Measuring the extent of the shadow economy in any country is a notoriously tricky and controversial task. The size of the shadow economy should take into account all economic activity, including the official and unofficial production of goods and services. This comprehensive exercise is essential in the formulation of economic policies.

The different names used for the shadow economy are confusing as there may be subtle interpretation nuances linked to the terms used. Hidden economy, illegal economy, grey economy, black economy, submerged economy, cash economy and informal economy are just some of the terms used that do not necessarily include the same economic activities.

The National Statistics Office told this newspaper “the non-observed economy” is estimated to amount to three per cent of GDP. A spokeswoman wisely pointed out that “the non-observed economy is not a direct estimate of the shadow economy”. The NSO estimate follows new EU statistics guidelines but certainly does not cover “total economic activity”, which includes much more unrecorded activities besides dealing in drugs and prostitution.

According to a paper published this January by the International Monetary Fund, the shadow economy “includes all economic activities which are hidden from official authorities for monetary, regulatory and institutional reasons”. These could include avoiding paying taxes, avoiding government bureaucracy and corruption.

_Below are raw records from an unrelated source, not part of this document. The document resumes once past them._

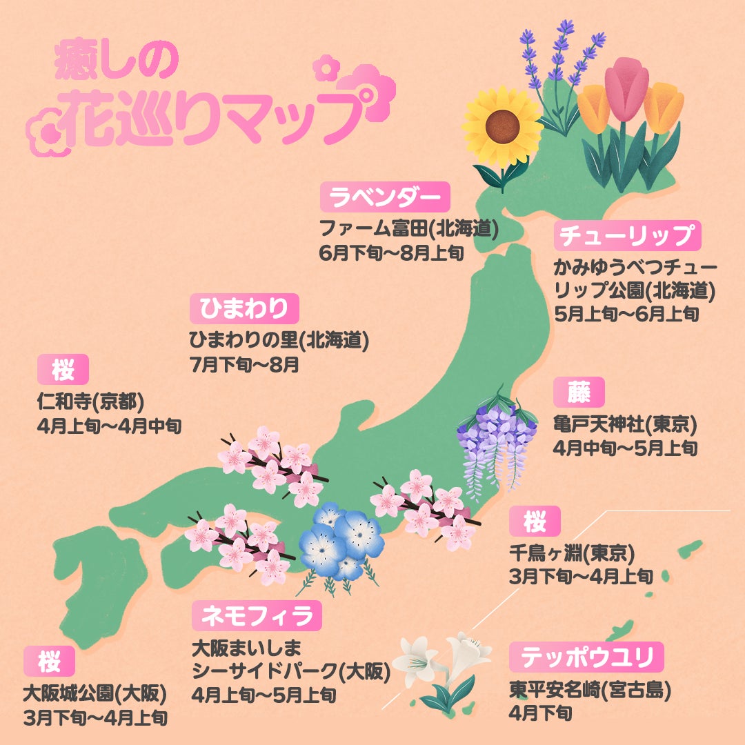 そこで、エクスペディアと Hotels.com は、この春、花見旅行を楽しみにしている人、迷っている人に向けた、全国の花見情報が一目でわかる『花見マップ』を作成しました。旅行者が安心して旅ができるよう、お得なパッケージプランやホテルプランをご紹介します。
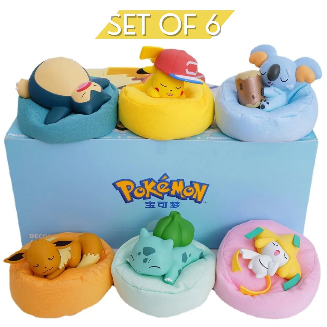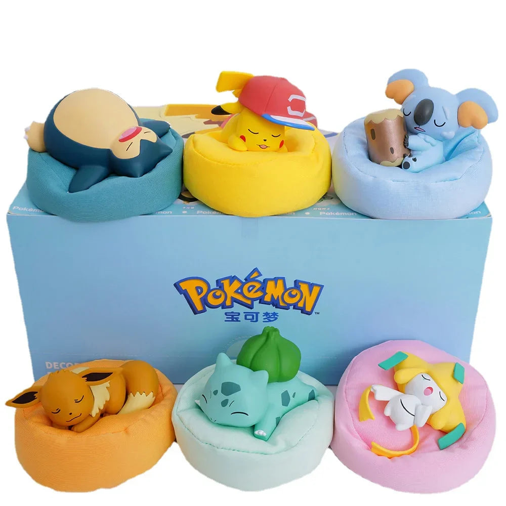 Transform your living space with the cozy charm of Sleeping Pokémon figurines. Featuring beloved characters like Bulbasaur, Pikachu, Eevee, Snorlax, and more, these intricately designed pieces capture your favorite Pokémon peacefully resting on soft pillows.
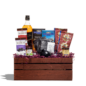 For this unique gift we start with a reusable BroBasket crate – rustic, useful, and totally versatile. We stuff in a 750ml bottle of Johnnie Walker Black Label Scotch – who doesn’t love that? – a few packages of Copper Cow and Caribbean Coffee, and two bottles of Fool’s Gold honey to sweeten that coffee the natural way. And we don’t stop there. We include two packages of Godiva chocolate covered nuts and two Godiva chocolate bars – perfect for sharing with coworkers or hoarding all to himself (if that’s the kind of guy he is).
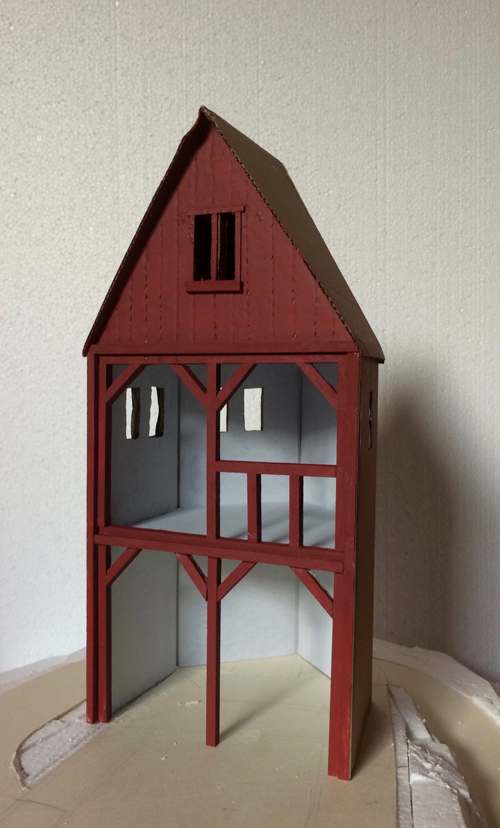 Weil das Stallgebäude von den Proportionen her nicht überzeugte, erfolgte eine Neukonstruktion mit geändertem Grundriss und Dach.

Malta’s shadow economy was estimated to range between 15.3 per cent and 23.6 per cent of GDP depending on the calculation method used. The two academics who authored the report after studying the size of the shadow economy in 31 European countries last year based their estimates on “mostly legal economic and productive activities” that, presumably, excluded dealing in drugs and prostitution. This could explain, to some extent, the variances between the figures quoted by the NSO and the IMF paper.

The debate on the effects of the shadow economy on the long-term socio-economic prospects of the country seems to be a taboo issue for political parties. The bigger the estimated size of the shadow economy, the more political parties fear antagonising both law-abiding citizens and those employed in the submerged economy. But the size of the shadow economy is a core input to estimate the extent of tax evasion. What is not measured cannot be controlled.

Besides the negative economic consequences linked to an uncontrolled shadow economy, there are social repercussions. Workers engaged in the shadow economy can easily be exploited by employers who feel they have no obligation to follow labour legislation. These workers will also discover in a few decades time that by not contributing to social security throughout their working lives they will miss out on a full pension.

The debate on the extent of the shadow economy should be open and comprehensive. It is misleading and futile to try to measure only illegal activities like prostitution and drug dealing.

Political parties owe it to the public to define their plans to control the shadow economy and ensure that all economic activities are, as much as possible, captured in official statistics. Yet, the front page report on this newspaper titled ‘“Illegal” economy now tops €320 million’ provoked no reactions whatsoever.

Such commitment will ensure that public finances are not distorted by tax evasion and that all workers benefit from contributing to the national insurance scheme.